How to get into old Egyptian lit like pic related?
>>9798986
I wish there was an ancient egyptian /lit/ chart. All I can say OP is just read it like you would any other book. Only bumping because I'd like to see some nifty reccs too.
>>9798986
>translation
gross
Refer to the middle and right side of the chart.
Black Athena
>>9798986
It helps to have a real grasp of their systems of magic, and for that I would read Aleister Crowley & the Hidden God by Kenneth Grant.
>>9799094
Anon, the Hittites were from Anatolia and spoke an Indoeuropean language, might as well add The Horse, Wheel and Language by David W. Anthony, and Indoeuropean Poetry and Myth by M.L. West, so we get most of ye olden Mediterranean in the Bronze Age covered, and any anon reading all that stuff is more than ready to move on to the Ancient Greece, Phoenicia and Ancient India for that matter.
>>9799516
It's not my chart, but you have to agree that it is very well done. I disagree with your idea that we need to expand to general Indo-European peoples stuff if we include the Hittites simply because the Hittites were politically relevant in an era of mostly Egyptian, Assyrian, etc. empires. Maybe a better word could be "Begin with the Bronze Age" chart, and we could expand that to include "Investigate with the Indus Valley" charts and whatnot kek.
>>9799516
Also early Phoenicians are covered with the Semitic chart, and we already have two prominent "Start with the Greeks" charts.
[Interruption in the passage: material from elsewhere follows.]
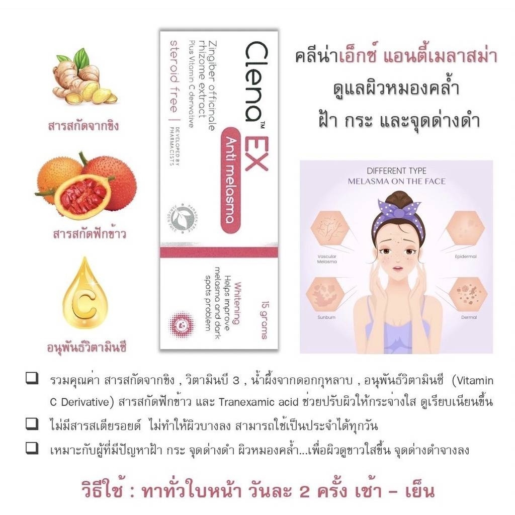 ครีมทาฝ้า Clena Ex 15 g. คลีนา เอ็กซ์
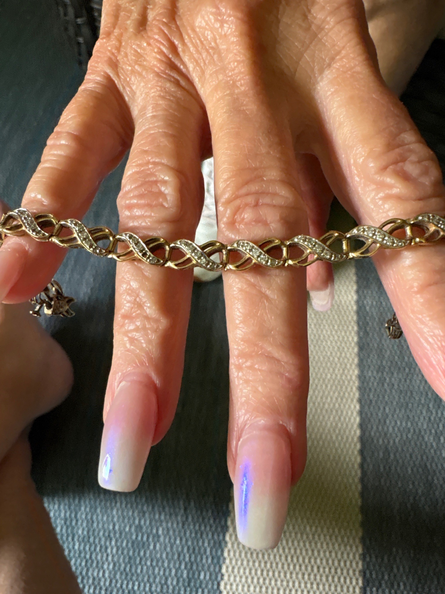 This is a fine jewelry link bracelet characterized by a repeating 'infinity' or figure-eight motif. The bracelet is constructed from what appears to be yellow gold, possibly 10k or 14k based on the common market variety for this specific style. Each infinity link is articulated and features a delicate criss-cross design where one side of the ribbon is smooth polished gold and the alternating side is pavé-set with small round decorative stones, likely diamonds or high-grade cubic zirconia. The stones are set in a rhythmic pattern that gives the piece a continuous sparkle. The craftsmanship shows mass-market fine jewelry production typical of the late 20th to early 21st century. The condition appears well-maintained, though there is visible surface patina and minor accumulated grime between the settings and link joints, suggesting regular wear. No missing stones are immediately apparent from the primary perspective. The item features a safety chain visible on the distal ends, which is a significant quality indicator designed to prevent loss should the primary clasp fail. The overall aesthetic is classic and feminine, representative of 'everyday luxury' styles found in major retail jewelers.

If they were merged into two (including more background history, excluding more "appreciate the literature's context" fluff), then they would be perfect.
Picture 1 is the best "Start with the Greeks" chart, although it is missing in background historical context IMO.
Here is pic 2, good additional historical sources and coverage of plays but too much "here's Odysseus's world xD" and incomplete coverage of Greek philosophy
See what I mean by "a synthesis is needed"? I'm terrible at editing so I don't want to do it myself
>>9799524
I've been meaning to update it anyway, "begin with the bronze age" is a good name, let's go with that.
>>9799454
aleister crowley knew about as much of the Egyptian's magical tradition as we do, ie. zero. he made shit up, you know.
he was famous for it.
>>9799094
why does everyone make "the tale of sinuhe" out to be an epic, when only about two hundred words of it survive?
>>9799970
Not an epic, just a good example of ancient poetry
>>9799626
This is the final version, for real this time.
>>9799964
Kenneth Grant wrote the book and cites authorities on ancient Egyptian religion, Crowley not included among them--his work is reserved for another section of the book. Great comment on a book you clearly haven't read, retard.
>>9800013
what changed?
>>9800013
Quick question - what made you decide to put the sumerian mythology as the starting point over the Sumerians text?
>>9800502
The rest of it is focusing on mythology and poetry, plus Sumerian Mythology is a lot shorter. I thought it made a lot more sense as a starting point, plus it provides a foundation for all the Babylonian myths better than a huge book on Sumerian society does.